Since his death in 1607, Abraham Fleming has never been completely forgotten about. This thesis covers all aspects of Fleming’s life. It begins with his time at Cambridge and the relationships he forged there. It studies his varied and sometimes groundbreaking contributions to the books associated with him (with a focus on his English texts and translations). It also covers his ordination into the Church of England and subsequent career as a chaplain to Charles Howard, earl of Nottingham. It also elucidates his previously unknown life as a curate in the parish of St Nicholas, Deptford and as a deacon and priest St Pancras, Soper Lane, and finally his sermons at Paul’s Cross in the grounds of St Paul’s Cathedral.

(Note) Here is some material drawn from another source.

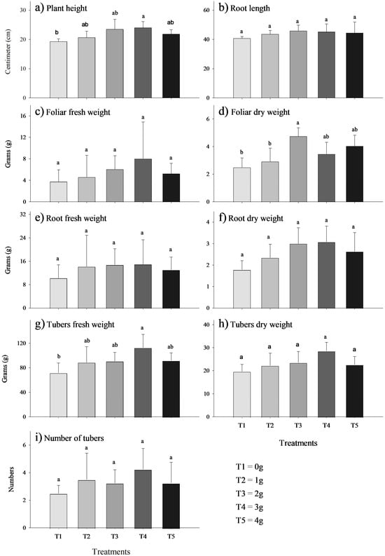 Effect of the biostimulant MycoUp mycorrhization on S. tuberosum plant characteristics: plant height (a), root length (b), foliar fresh weight (c), foliar dry weight (d), root fresh weight (e), root dry weight (f), tuber fresh weight (g), and dry weight (h) of potato, and number of tubers for treatment (i). Values with the same letter represent means that did not differ significantly (95%), according to Tukey’s HSD test. Error bars represent the standard deviation.The growth of V. faba plants treated with the biostimulant MycoUp exhibited significant increases in several parameters, including root length (cm), fresh leaf weight (g), fresh root weight (g), and dry root weight (g), as illustrated in Figure 3. In particular, significant increases (p-value < 0.05) were found in root length (Figure 3b) with a concentration of 3 g (120%) and 4 g (124%), and similarly in foliar fresh weight (Figure 3c), (115%), root fresh weight (Figure 3e) (159%), and root dry weight (Figure 3f) inoculated with 4 g (243%).
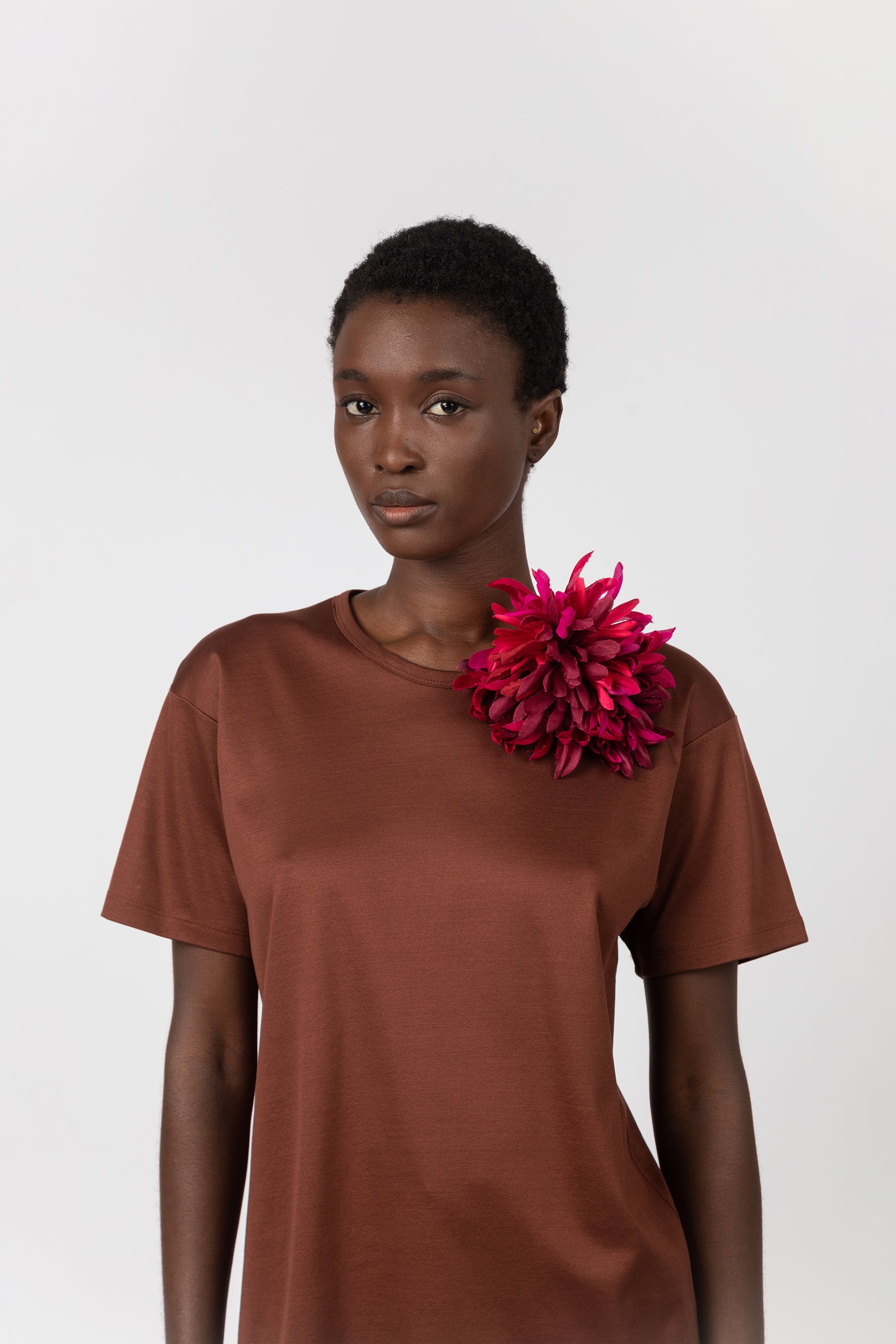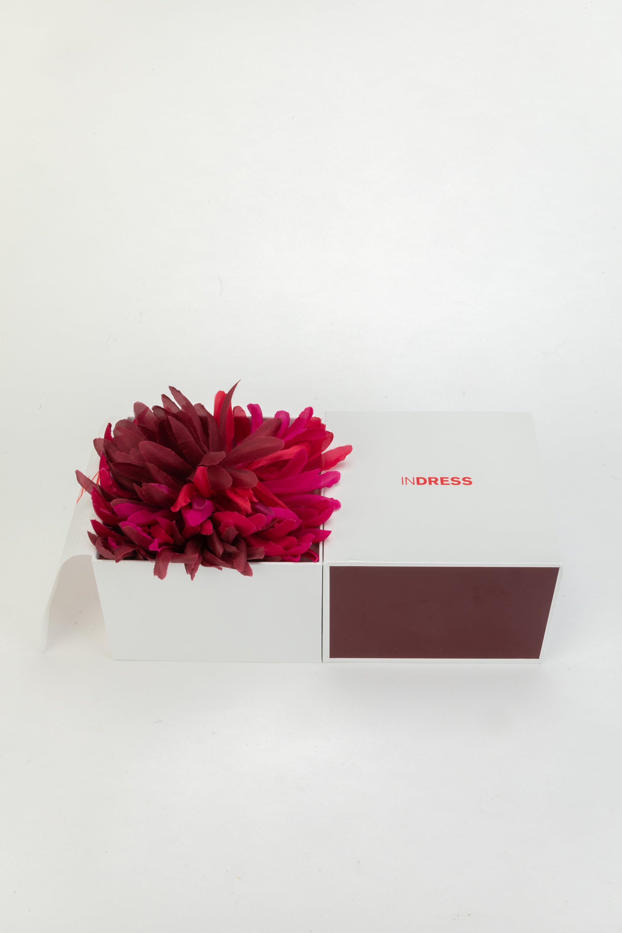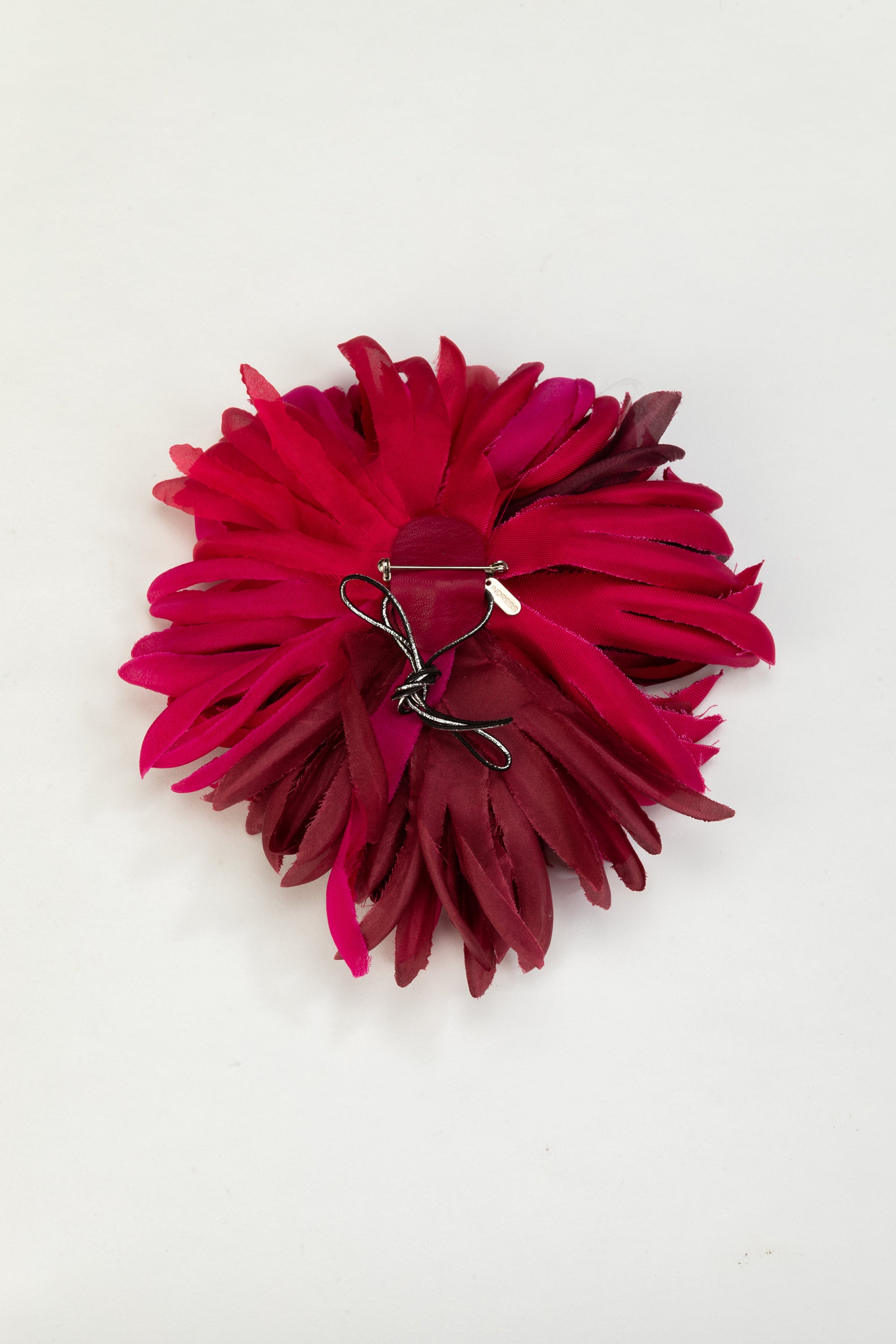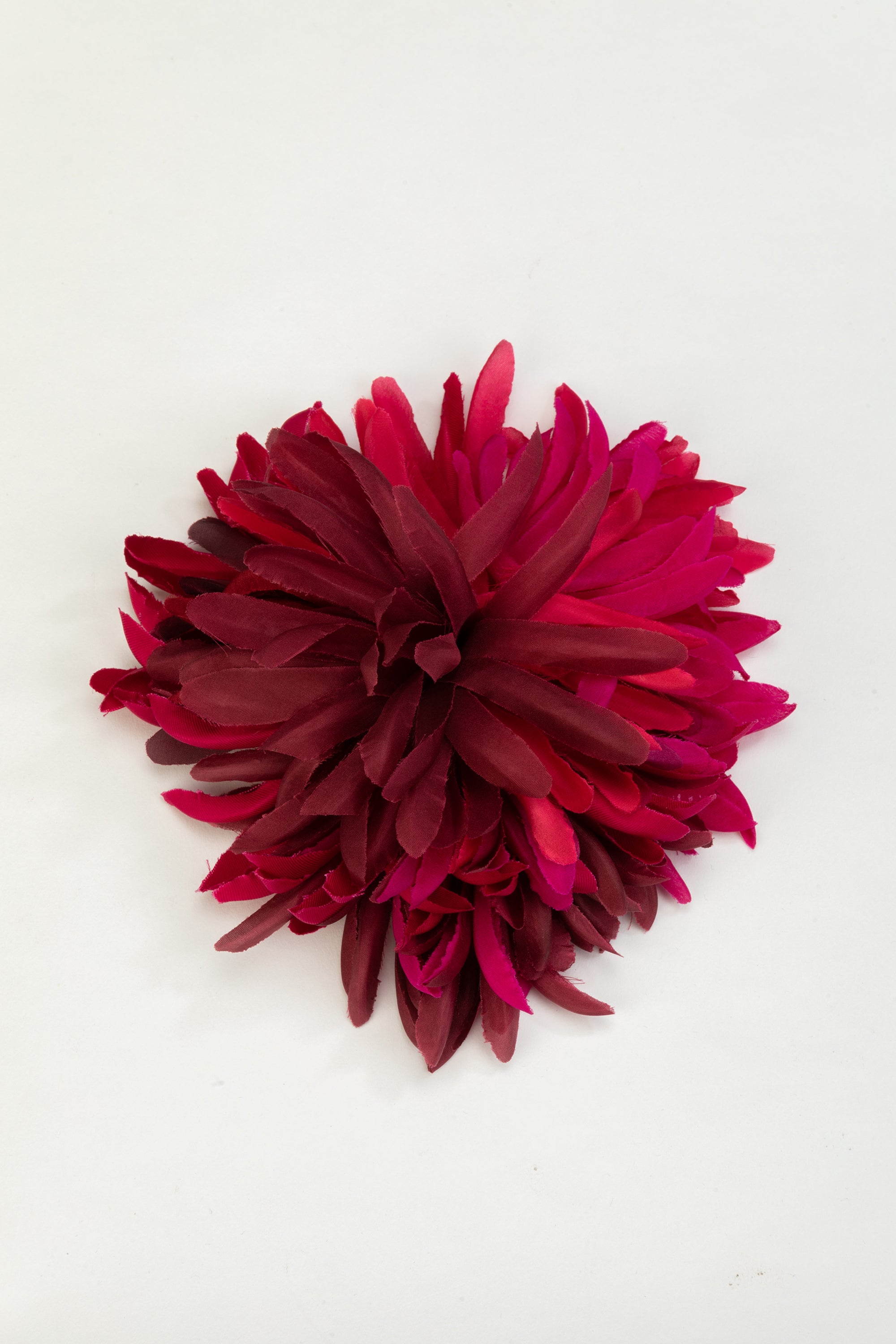 Nos broches en soie sont fabriquées à la main à Paris par l'un des derniers ateliers indépendants spécialisés dans le travail des fleurs. Elles sont réalisées à partir de chutes de soie issues de la production de nos collections. Chaque pétale est amidonné et découpé à l'aide d'un emporte-pièce pour obtenir sa forme creuse et arrondie. Grâce à son élastique, vous pourrez porter la broche dans vos cheveux ou à votre poignet. La couleur de chaque fleur est exclusive et spécialement conçue pour INDRESS. La broche ne résiste ni à la pluie, ni à l'humidité. Le gaufrage est éphémère. Les pétales s'assoupliront naturellement avec le temps.

Fleming’s legacy of at least 52 printed books, which includes original godly protestant treatises, English translations of Latin and Greek classical works, and books commemorating unusual occasions, have ensured that his name lived on in bibliographic catalogues. Since the 1950s a few scholars have considered Fleming’s work on Holinshed’s Chronicles as significant contributions to the text. However, the subsequent articles that have been written about him have been narrow in scope and at times unreliable.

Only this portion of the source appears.